Hunt rules out tax cuts amid ‘worsening’ outlook
Chancellor Jeremy Hunt will disappoint his backbenchers after ruling our the prospect of immediate tax cuts in the Autumn Statement.
He has admitted that the UK’s fiscal picture is far worse than it was in the spring and is likely to show that earlier forecasts for debt interest charges will be exceeded by between £20 billion and £30bn.
“The international situation calls for prudence in the way we manage our finances,” Hunt told reporters on the fringe of the International Monetary Fund (IMF) meeting in Marrakesh.
“The financial picture I face is worse than in the spring and that means I will have to take different positions to make sure, in the face of what’s happening in Ukraine, Israel and parts of Africa, that we are resilient.”
He added that the outlook was more challenging because interest rates projections for all economies have gone up since March.
“That’s led to a repricing of long-term debt for everyone and the UK is not immune to those changes,” he said.
“We are likely to see an increase in our debt repayments by £20 billion to £30 billion, and that’s a huge change. We need to respond to that in a way that doesn’t drive us into recession and also make sure the UK economy is resilient going forward.”
Rising debts are putting pressure on the Treasury’s ability to maintain the pensions triple lock and whether to recommit itself to raising benefits in line with inflation from next April.
Treasury officials have suggested that the Chancellor may use a lower measure of weekly earnings that strips out bonuses, a move that could save the exchequer hundreds of millions of pounds.
Despite his gloomy prognosis, Mr Hunt last week challenged the IMF’s latest forecasts on the UK economy showing that Britain would be the worst-performing among the world’s big economies.
Hunt said that the IMF had been “more wrong than right” in its outlook for the UK, noting that it had not taken account of a substantial upgrade to the UK’s economic performance for 2020-21 made by the Office for National Statistics last month.
There was also an admission from the Bank of England governor Andrew Bailey that it faces a hard job getting inflation back to its 2% target.

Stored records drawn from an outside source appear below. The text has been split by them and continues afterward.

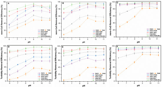 Influence of pH (6–11) on the removal efficiency of nano-CuO and turbidity for various mass concentrations (A,D) 1 mg/L, (B,E) 2.5 mg/L and (C,F) 10 mg/L.
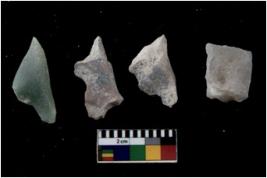 | Description / विवरण | There are n 04 Flake tool; There are multidirectional irregular scar pattern on them. Some of them are tapering at one end |
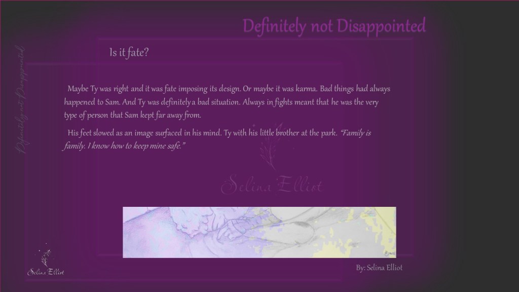 A bitter smile surfaced! Maybe Ty was right and it was fate imposing its design. Or maybe it was karma. Bad things had always happened to Sam. And Ty was definitely a bad situation. Always in fights meant that he was the very type of person that Sam kept far away from.

He said the “last mile” was the toughest challenge facing interest rate setters even though there were signs that inflation may have peaked.
“In the last few months we have made solid progress… but let’s not get carried away, there is an awful lot still to do,” he told a meeting in Marrakesh.
Headline consumer price inflation in the UK peaked at 11.1% last October and has fallen to 6.7%. Figures for September due next week are expected to show a slight dip to 6.6%.
The Bank’s monetary policy committee (MPC) last month kept interest rates on hold at 5.25%, its first decision not to tighten policy since November 2021, when the base rate stood at 0.1%.